* Dataset content
□ □ □ □ □ □ □

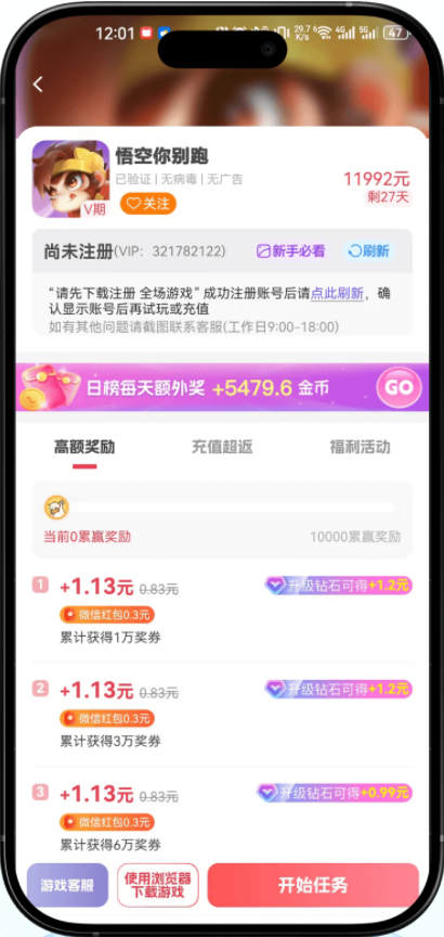 免费下载 超好钻APP,致力于为玩家提供便捷、丰富、高质量的游戏体验环境,同时帮助游戏开发者推广其作品,用户试玩游戏可获得一定的奖励、丰富好玩的运营活动等你参与,可直接提现。游戏简单丰富,包含益智、手游等多种类... 超好钻 支 持:安卓 大 小:29.8M 开发者:杭州挥戈科技有限公司 提 现: 说 明: 分 类:游戏试玩 下载量:23次 发 布:2025-12-16 手机扫码免费下载 纠错留言 #超好钻截图 #超好钻简介 超好钻APP,致力于为玩家提供便捷、丰富、高质量的游戏体验环境,同时帮助游戏开发者推广其作品,用户试玩游戏可获得一定的奖励、丰富好玩的运营活动等你参与,可直接提现。游戏简单丰富,包含益智、手游等多种类型的娱乐游戏;丰富好玩的运营活动等你参与领红包;获得收益支持支付宝、微信提现,提款秒到账,加入会员收益增加20%。
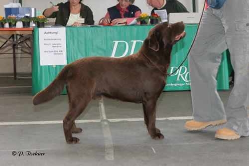 Color: ChocolateBreeder: Mary ThomasLOF RET L 8/151856Sire: Fairywood's XinoDam: Patience du Moulin Le Comte Field Trial Qualified 7 CAC – 2 RCAC Bulgarian Champion German Champion (DRC) Serbian Champion
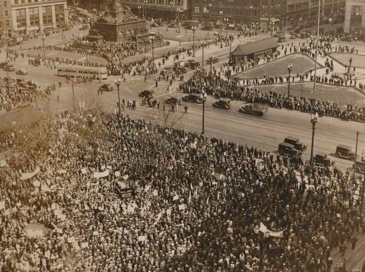Thousands of workers protest unemployment and economic hardship on May Day, 1933, in Public Square.

□ □ □ □ □ □ □

* Problem requirements
Restate the full listing word for word, excluding images.

* Exercise result
 免费下载 超好钻APP,致力于为玩家提供便捷、丰富、高质量的游戏体验环境,同时帮助游戏开发者推广其作品,用户试玩游戏可获得一定的奖励、丰富好玩的运营活动等你参与,可直接提现。游戏简单丰富,包含益智、手游等多种类... 超好钻 支 持:安卓 大 小:29.8M 开发者:杭州挥戈科技有限公司 提 现: 说 明: 分 类:游戏试玩 下载量:23次 发 布:2025-12-16 手机扫码免费下载 纠错留言 #超好钻截图 #超好钻简介 超好钻APP,致力于为玩家提供便捷、丰富、高质量的游戏体验环境,同时帮助游戏开发者推广其作品,用户试玩游戏可获得一定的奖励、丰富好玩的运营活动等你参与,可直接提现。游戏简单丰富,包含益智、手游等多种类型的娱乐游戏;丰富好玩的运营活动等你参与领红包;获得收益支持支付宝、微信提现,提款秒到账,加入会员收益增加20%。
 Color: ChocolateBreeder: Mary ThomasLOF RET L 8/151856Sire: Fairywood's XinoDam: Patience du Moulin Le Comte Field Trial Qualified 7 CAC – 2 RCAC Bulgarian Champion German Champion (DRC) Serbian Champion
Thousands of workers protest unemployment and economic hardship on May Day, 1933, in Public Square.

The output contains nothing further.